While nutmeg and mace are often used interchangeably, especially in sweet dishes, a refined palate can tell the difference. Where nutmeg is bittersweet, woody, and warm, mace is sweet, warm, and aromatic. While nutmeg has to be grated, which leaves flecks in pale creams and clear broths, whole blades of mace can be used instead – simply remove the blade prior to serving!
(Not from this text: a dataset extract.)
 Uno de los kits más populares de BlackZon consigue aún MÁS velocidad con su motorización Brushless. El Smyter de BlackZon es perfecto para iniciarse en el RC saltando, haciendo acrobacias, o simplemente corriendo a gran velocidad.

Nutmeg is stronger than mace and therefore less is needed. The accepted ratio is 1 teaspoon of mace = 1/2 teaspoon of nutmeg.

Recipes with Nutmeg

  • Coffee with nutmeg
  • cookies with nutmeg
  • tea with nutmeg
  • Silky nutmeg ganache
  • Chocolate, Orange and spice fondue

Grated nutmeg vs ground nutmeg

While many stores sell ground nutmeg, this spice should always be used fresh as its flavor oils are amongst the quickest to evaporate. Freshly grated nutmeg has a heady aroma that fades away quite rapidly. Freshly grated nutmeg will start to lose flavor after about 30 minutes in the summer. After a day, it is will have lost 90% of its vibrancy, leaving a woody taste behind. Imagine the store-bought grated nutmeg… how long has it been on your shelf? How long since it was manufactured?
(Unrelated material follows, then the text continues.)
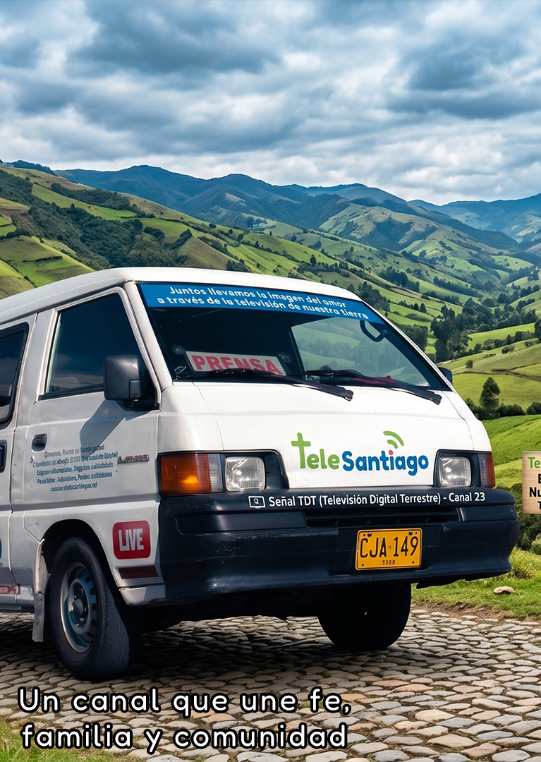En TeleSantiago, canal del departamento de Boyacá, realizamos transmisiones en directo con calidad, fe y compromiso humano, llevando a la comunidad celebraciones como la Semana Santa, Fiesta de la Virgen del Milagro, Eucaristías, ordenaciones, peregrinaciones y eventos especiales como aniversarios, actos empresariales y más. Con pasión y profesionalismo, conectamos corazones a través de producciones que evangelizan, celebran la vida y fortalecen la fe

Nutmeg storage and shelf-life:

Whole nutmeg keeps for at least a year if stored in a sealed container kept in a cool, dark place. Discard as soon as black spots develop. Ground nutmeg can keep for a year under the same conditions, though the flavor will fade within a month and the remaining product tends to be bitter and flat. If buying ground nutmeg, try to keep the bottle as steady as possible as the outer layers of nutmeg powder can act as an insulation layer, trapping the flavorful oils deeper inside.